Da li in poi avvertivo sempre aria e uno stimolo continuo ad andare in bagno rivelatosi poi il più delle volte solo apparente, il mio gastroenterologo dunque non ha fatto altro che prescrivermi medicinali che poi son risultati ben poco utili alla risoluzione. Tutto è peggiorato da un paio di settimane, quando sempre il solito medico mi ha prescritto un clistere che ha peggiorato il mio quadro intestinale, lasciandomi con uno scombussolamento generale e causandomi una fortissima scarica di diarrea un giorno o due dopo tale da (scusate la franchezza) farmi pensare di farmela addosso.
Ad oggi soffro di un fastidio alla parte sinistra dell addome, per capirci nella zona in cui si prende per un fianco una persona, con sensazione di tensione, aria, che a volte si irradia alla zona lombare, sento inoltre un fastidio allo stomaco e alla parte superiore dell'addome, stimolo quasi continuo ad andare in bagno ed ero felice perchè per qualche giorno ero riuscito ad andare regolarmente in bagno la mattina con defecazione anche in quantità normale nonostante il medico mi abbia detto che ci fossero ancora delle feci nel mio colon.
Noto anche che in questi giorni il fastidio in correlazione al fianco sinistro si irradi leggermente anche alla parte superiore della gamba sinistra.
Sono un tipo molto ansioso, sto aspettando una visita da un nuovo gastroenterologo dato che questo sopracitato ha perso la mia fiducia essendo stato molto lavativo nel dirmi dopo l'ultimo episodio di diarrea che si tratta di una malattia cronica intestinale prescrivendomi TELEFONICAMENTE della MESALAZINA senza sapere i risultati della calprotectina che dovrò avere a breve.
Non ho mai visto sangue solo poco poco muco una volta sola e dandomi quella diagnosi senza fondamenti certi mi ha buttato in una terribile ansia e paura che si tratti di morbo di Crohn, quando fino ad ora mi era state dette cose del tipo colon irritabile o colite spastica.
Mi scuso per il papiro ma sto vivendo un incubo, secondo voi si tratta di colon irritabile?

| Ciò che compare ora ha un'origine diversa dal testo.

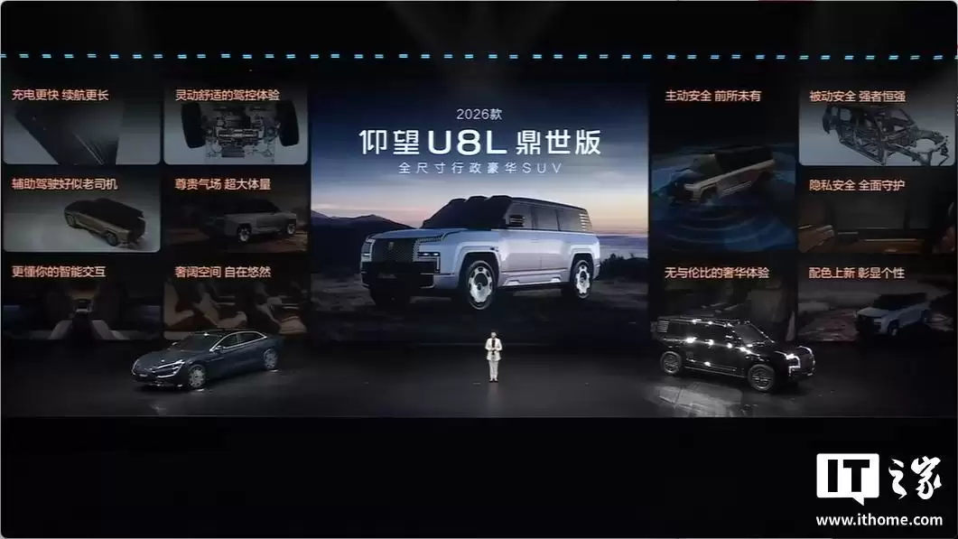 值得一提的是,仰望U8L也同步迎来了2026款。新车在增加续航、新增闪充功能之外,还带来了三大安全升级:应急浮水紧急自动激活、NOA爆胎稳行稳停、全场景隐私安全。现有老款车主未来也可通过OTA升级获得这些功能。

Vi ringrazio per un eventuale risposta e mi scuso di nuovo.
Dr. Marco Sanges
Dr. Marco Sanges
Gastroenterologo, Epatologo, Proctologo
Melito di Napoli
Gentile utente, innanzitutto mi sento di tranquillizzarla perché i suoi sintomi sembrano da attribuirsi ad un intestino irritabile. Naturalmente, vanno fatte alcune indagini per escludere altre patologie che, nel suo caso, sono molto poco probabili. Suggerire un clistere o la mesalazina nel suo caso non mi trova d'accordo. Si rivolga serenamente al nuovo specialista che ha scelto che sicuramente la tranquillizzerà e le prescriverà una terapia corretta.
Saluti
Marco Sanges

Prof. Giuseppe Occhigrossi
Prof. Giuseppe Occhigrossi
Gastroenterologo, Proctologo, Nutrizionista
Roma
gent.le sig.re

le malattie infiammatorie croniche intestinali esordiscono spesso con diarrea e sangue (rettocolite ulcerosa) o con subocclusione intestinale, dolori o diarrea (malattia di Crohn)
Non mi pare il suo caso.
Si faccia tranquillizzare da uno specialista per una terapia che faccia al suo caso. I ragazzi della sua età spesso lamentano i suoi disturbi tipici di un colon irritabile

Dott.ssa Annarita Colonna
Dott.ssa Annarita Colonna
Chirurgo generale, Agopuntore, Omeopata
Milano
Deve fare analisi oculate...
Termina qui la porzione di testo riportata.